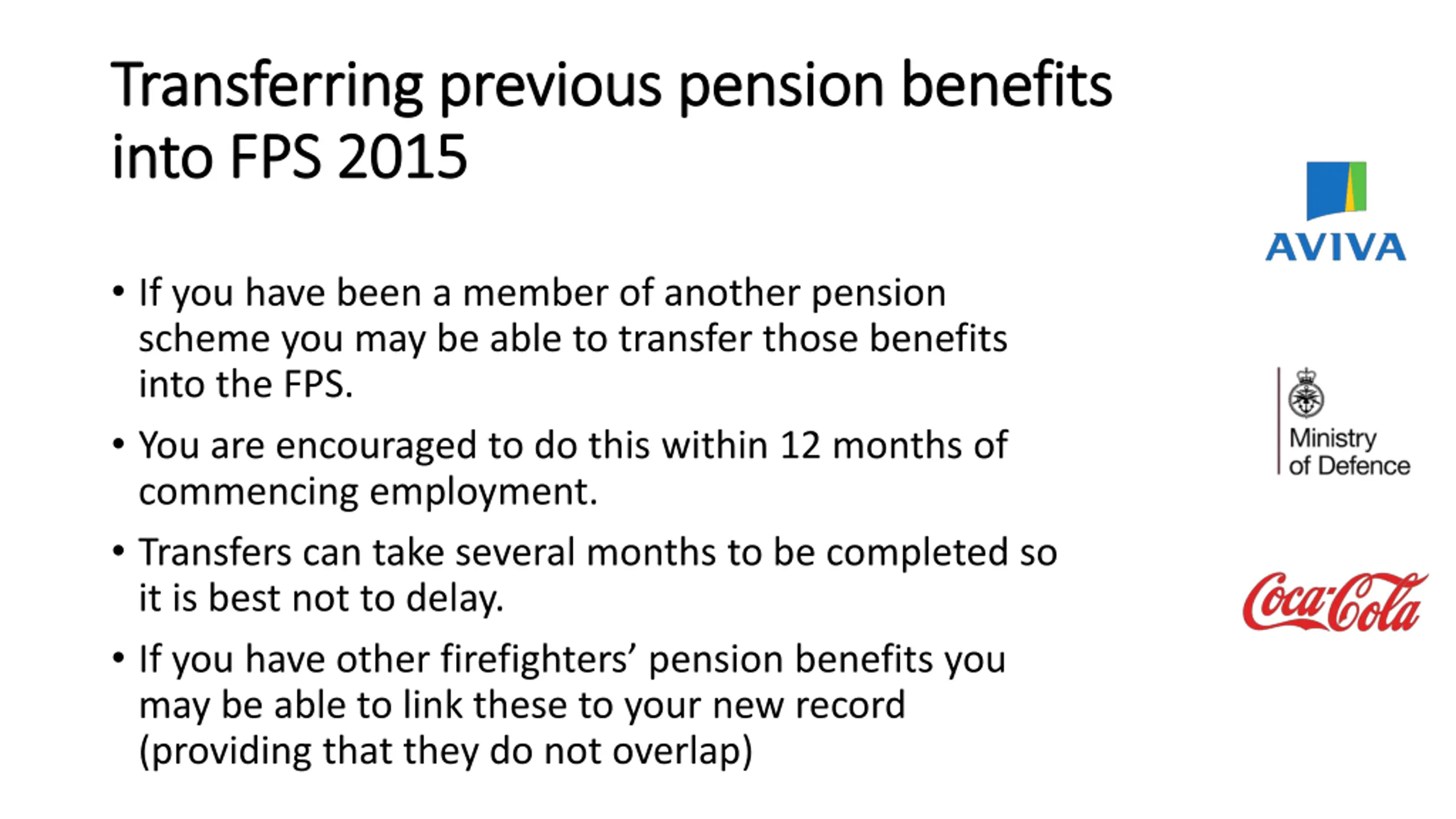 Transferring previous pension benefits Transferring previous pension benefits into FPS 2015 into FPS 2015 If you have been a member of another pension scheme you may be able to transfer those benefits into the FPS. You are encouraged to do this within 12 months of commencing employment. Transfers can take several months to be completed so it is best not to delay. If you have other firefighters pension benefits you may be able to link these to your new record (providing that they do not overlap)
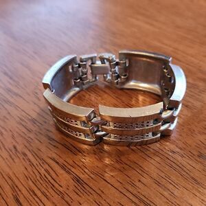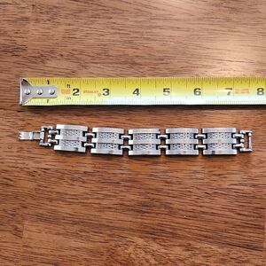 vintage chain link bracelet. unknown maker or material. possibly stainless steel. see pics for details and measurements
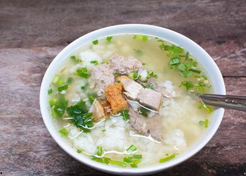4. 加入蓝瓜和猪肉:将蓝瓜块和腌制好的猪肉片放入锅中,继续煮至粥熟。
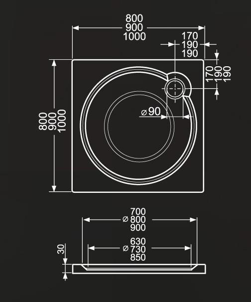 Zuhanytálca, Roltechnik Macao-M 1000x1000 szögletes :RT
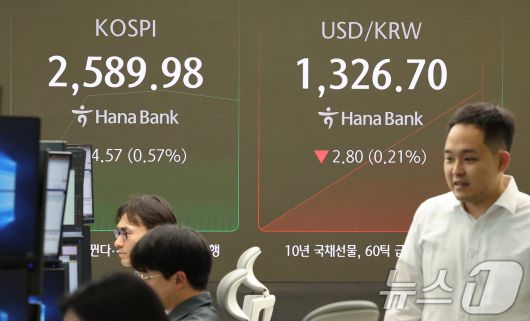 19일 오전 서울 중구 하나은행 본점 딜링룸 전광판에 코스피와 원·달러 환율 개장 시황이 표시되고 있다. 이날 9시5분 기준 코스피는 전거래일 대비 11.22p(0.44%) 상승한 2586.63, 코스닥은 전날 대비 6.73p(0.92%) 상승한 739.93를 가리키고 있다. 원·달러 환율은 전거래일 대비 0.5원 내린 1329.0원에 출발했다. 2024.9.19/뉴스1 ⓒ News1 장수영 기자 |
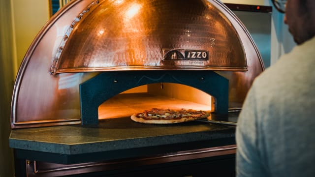 Sauce tomate, fiordilatte di agerola, mortadella, burrata, pistaches de sicile et basilic
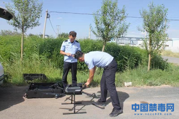 图为民警利用“无人机”航拍开展“空中巡查”。中国禁毒网发
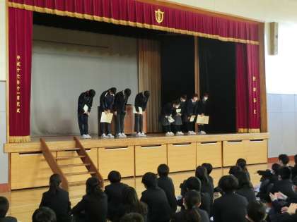 生徒表彰1 公開日 2022/01/11 更新日 2022/01/11 校長室より コロナ禍で全校朝礼も全員でできなかった表彰。2学期の終業式に表彰しました。 世田谷区子ども駅伝大会に優郷の学び舎チームが男女ともに優勝しました。 いいね(0)
—————
Try it. Pictures aside, repeat every line of the data above exactly.

Output below.
 Transferring previous pension benefits Transferring previous pension benefits into FPS 2015 into FPS 2015 If you have been a member of another pension scheme you may be able to transfer those benefits into the FPS. You are encouraged to do this within 12 months of commencing employment. Transfers can take several months to be completed so it is best not to delay. If you have other firefighters pension benefits you may be able to link these to your new record (providing that they do not overlap)
 vintage chain link bracelet. unknown maker or material. possibly stainless steel. see pics for details and measurements
4. 加入蓝瓜和猪肉:将蓝瓜块和腌制好的猪肉片放入锅中,继续煮至粥熟。
 Zuhanytálca, Roltechnik Macao-M 1000x1000 szögletes :RT
 19일 오전 서울 중구 하나은행 본점 딜링룸 전광판에 코스피와 원·달러 환율 개장 시황이 표시되고 있다. 이날 9시5분 기준 코스피는 전거래일 대비 11.22p(0.44%) 상승한 2586.63, 코스닥은 전날 대비 6.73p(0.92%) 상승한 739.93를 가리키고 있다. 원·달러 환율은 전거래일 대비 0.5원 내린 1329.0원에 출발했다. 2024.9.19/뉴스1 ⓒ News1 장수영 기자 |
 Sauce tomate, fiordilatte di agerola, mortadella, burrata, pistaches de sicile et basilic
 图为民警利用“无人机”航拍开展“空中巡查”。中国禁毒网发
 生徒表彰1 公開日 2022/01/11 更新日 2022/01/11 校長室より コロナ禍で全校朝礼も全員でできなかった表彰。2学期の終業式に表彰しました。 世田谷区子ども駅伝大会に優郷の学び舎チームが男女ともに優勝しました。 いいね(0)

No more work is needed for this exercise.